> _Dataset records_:
= = = = = = =

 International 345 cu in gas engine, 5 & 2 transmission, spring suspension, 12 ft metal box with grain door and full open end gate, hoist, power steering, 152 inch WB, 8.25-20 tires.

= = = = = = =

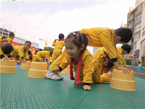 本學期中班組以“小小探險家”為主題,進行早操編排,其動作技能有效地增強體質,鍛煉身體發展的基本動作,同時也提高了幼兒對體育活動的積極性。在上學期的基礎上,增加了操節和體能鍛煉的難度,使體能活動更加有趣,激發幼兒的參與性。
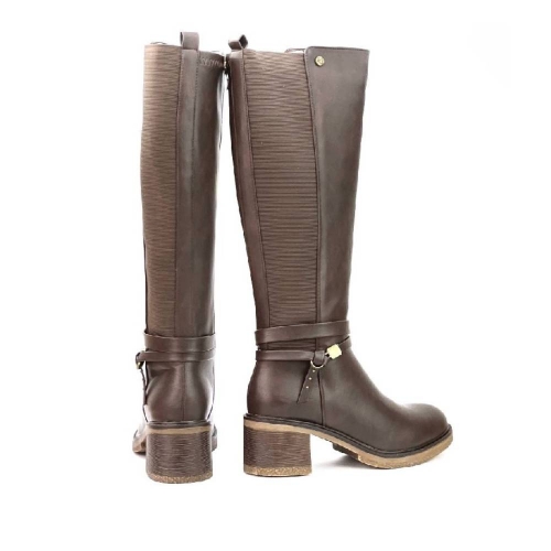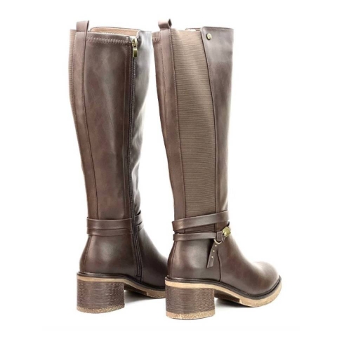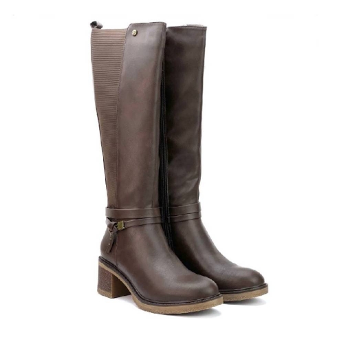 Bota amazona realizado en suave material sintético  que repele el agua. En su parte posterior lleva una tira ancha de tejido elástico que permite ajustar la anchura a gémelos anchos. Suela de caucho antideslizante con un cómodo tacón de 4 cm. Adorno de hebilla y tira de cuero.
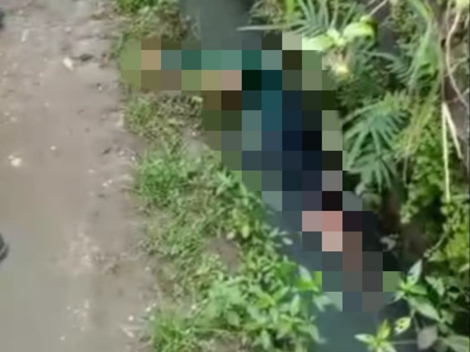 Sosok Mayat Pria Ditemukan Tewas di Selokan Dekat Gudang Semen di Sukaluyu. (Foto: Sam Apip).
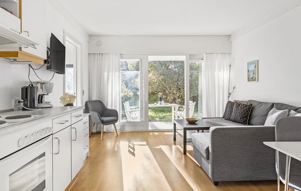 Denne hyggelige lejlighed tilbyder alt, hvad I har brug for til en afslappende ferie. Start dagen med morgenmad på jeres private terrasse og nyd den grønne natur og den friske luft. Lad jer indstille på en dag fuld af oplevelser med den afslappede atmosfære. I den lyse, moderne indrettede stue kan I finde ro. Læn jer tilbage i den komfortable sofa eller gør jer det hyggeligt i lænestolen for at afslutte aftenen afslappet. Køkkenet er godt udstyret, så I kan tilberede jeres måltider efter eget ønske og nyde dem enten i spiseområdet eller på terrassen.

= = = = = = =

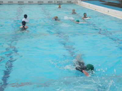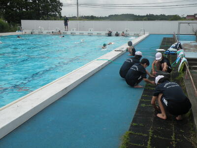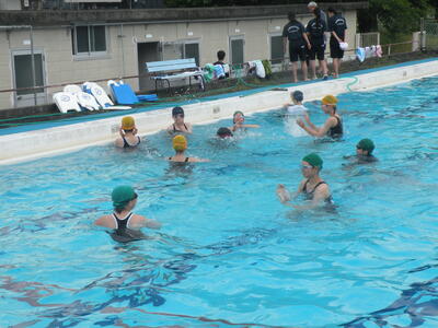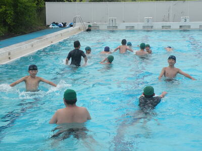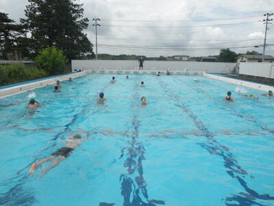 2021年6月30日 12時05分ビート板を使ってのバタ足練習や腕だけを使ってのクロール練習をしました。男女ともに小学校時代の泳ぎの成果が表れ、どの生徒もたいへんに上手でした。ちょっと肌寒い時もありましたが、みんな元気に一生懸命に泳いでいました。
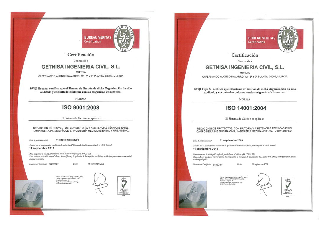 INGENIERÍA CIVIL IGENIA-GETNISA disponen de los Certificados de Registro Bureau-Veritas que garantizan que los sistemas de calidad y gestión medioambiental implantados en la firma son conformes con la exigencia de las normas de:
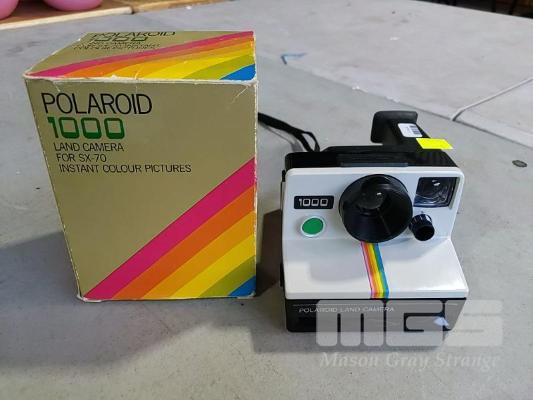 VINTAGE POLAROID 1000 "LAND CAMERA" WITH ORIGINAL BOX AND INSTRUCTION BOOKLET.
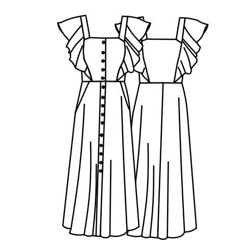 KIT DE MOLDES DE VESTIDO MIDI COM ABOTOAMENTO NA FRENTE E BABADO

= = = = = = =

> _Task instructions_: Repeat, without pictures, exactly the lines of the data above from the one containing "Bota amazona realizado" through the one containing "Denne hyggelige lejlighed", including both and adding nothing.

> _Result of the task_:
 Bota amazona realizado en suave material sintético  que repele el agua. En su parte posterior lleva una tira ancha de tejido elástico que permite ajustar la anchura a gémelos anchos. Suela de caucho antideslizante con un cómodo tacón de 4 cm. Adorno de hebilla y tira de cuero.
 Sosok Mayat Pria Ditemukan Tewas di Selokan Dekat Gudang Semen di Sukaluyu. (Foto: Sam Apip).
 Denne hyggelige lejlighed tilbyder alt, hvad I har brug for til en afslappende ferie. Start dagen med morgenmad på jeres private terrasse og nyd den grønne natur og den friske luft. Lad jer indstille på en dag fuld af oplevelser med den afslappede atmosfære. I den lyse, moderne indrettede stue kan I finde ro. Læn jer tilbage i den komfortable sofa eller gør jer det hyggeligt i lænestolen for at afslutte aftenen afslappet. Køkkenet er godt udstyret, så I kan tilberede jeres måltider efter eget ønske og nyde dem enten i spiseområdet eller på terrassen.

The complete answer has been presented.